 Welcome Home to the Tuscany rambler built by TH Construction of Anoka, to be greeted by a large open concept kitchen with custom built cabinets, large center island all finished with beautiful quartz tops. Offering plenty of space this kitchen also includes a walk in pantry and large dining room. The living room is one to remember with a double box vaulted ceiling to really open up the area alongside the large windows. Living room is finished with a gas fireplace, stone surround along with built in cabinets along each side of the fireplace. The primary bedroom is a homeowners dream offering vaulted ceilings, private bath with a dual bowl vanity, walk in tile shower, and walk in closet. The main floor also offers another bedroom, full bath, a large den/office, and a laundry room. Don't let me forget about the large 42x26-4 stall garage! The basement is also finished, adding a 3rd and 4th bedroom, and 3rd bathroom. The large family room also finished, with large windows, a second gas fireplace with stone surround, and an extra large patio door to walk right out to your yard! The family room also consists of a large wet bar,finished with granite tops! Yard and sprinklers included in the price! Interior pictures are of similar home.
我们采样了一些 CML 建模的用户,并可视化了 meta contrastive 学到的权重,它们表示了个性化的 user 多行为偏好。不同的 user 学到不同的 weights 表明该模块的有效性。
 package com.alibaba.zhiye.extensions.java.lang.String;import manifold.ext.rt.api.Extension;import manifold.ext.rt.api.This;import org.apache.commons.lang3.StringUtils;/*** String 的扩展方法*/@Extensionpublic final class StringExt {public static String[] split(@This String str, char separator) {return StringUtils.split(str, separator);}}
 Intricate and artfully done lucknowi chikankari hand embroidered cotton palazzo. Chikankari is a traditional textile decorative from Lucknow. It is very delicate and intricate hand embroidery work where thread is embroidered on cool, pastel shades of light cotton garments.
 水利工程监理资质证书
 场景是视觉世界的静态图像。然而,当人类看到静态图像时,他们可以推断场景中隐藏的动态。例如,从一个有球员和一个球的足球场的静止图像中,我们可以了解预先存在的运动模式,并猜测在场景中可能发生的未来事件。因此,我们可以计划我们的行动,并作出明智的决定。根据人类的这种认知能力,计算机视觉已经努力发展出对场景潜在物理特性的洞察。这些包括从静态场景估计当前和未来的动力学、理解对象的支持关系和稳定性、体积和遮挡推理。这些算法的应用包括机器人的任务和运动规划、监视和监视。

- - - -

» **Work instruction**: For this exercise, the answer is the lines from the one containing "Intricate and artfully" through the end of the listing above, reproduced exactly.

» **Solution to the problem**:
 Intricate and artfully done lucknowi chikankari hand embroidered cotton palazzo. Chikankari is a traditional textile decorative from Lucknow. It is very delicate and intricate hand embroidery work where thread is embroidered on cool, pastel shades of light cotton garments.
 水利工程监理资质证书
 场景是视觉世界的静态图像。然而,当人类看到静态图像时,他们可以推断场景中隐藏的动态。例如,从一个有球员和一个球的足球场的静止图像中,我们可以了解预先存在的运动模式,并猜测在场景中可能发生的未来事件。因此,我们可以计划我们的行动,并作出明智的决定。根据人类的这种认知能力,计算机视觉已经努力发展出对场景潜在物理特性的洞察。这些包括从静态场景估计当前和未来的动力学、理解对象的支持关系和稳定性、体积和遮挡推理。这些算法的应用包括机器人的任务和运动规划、监视和监视。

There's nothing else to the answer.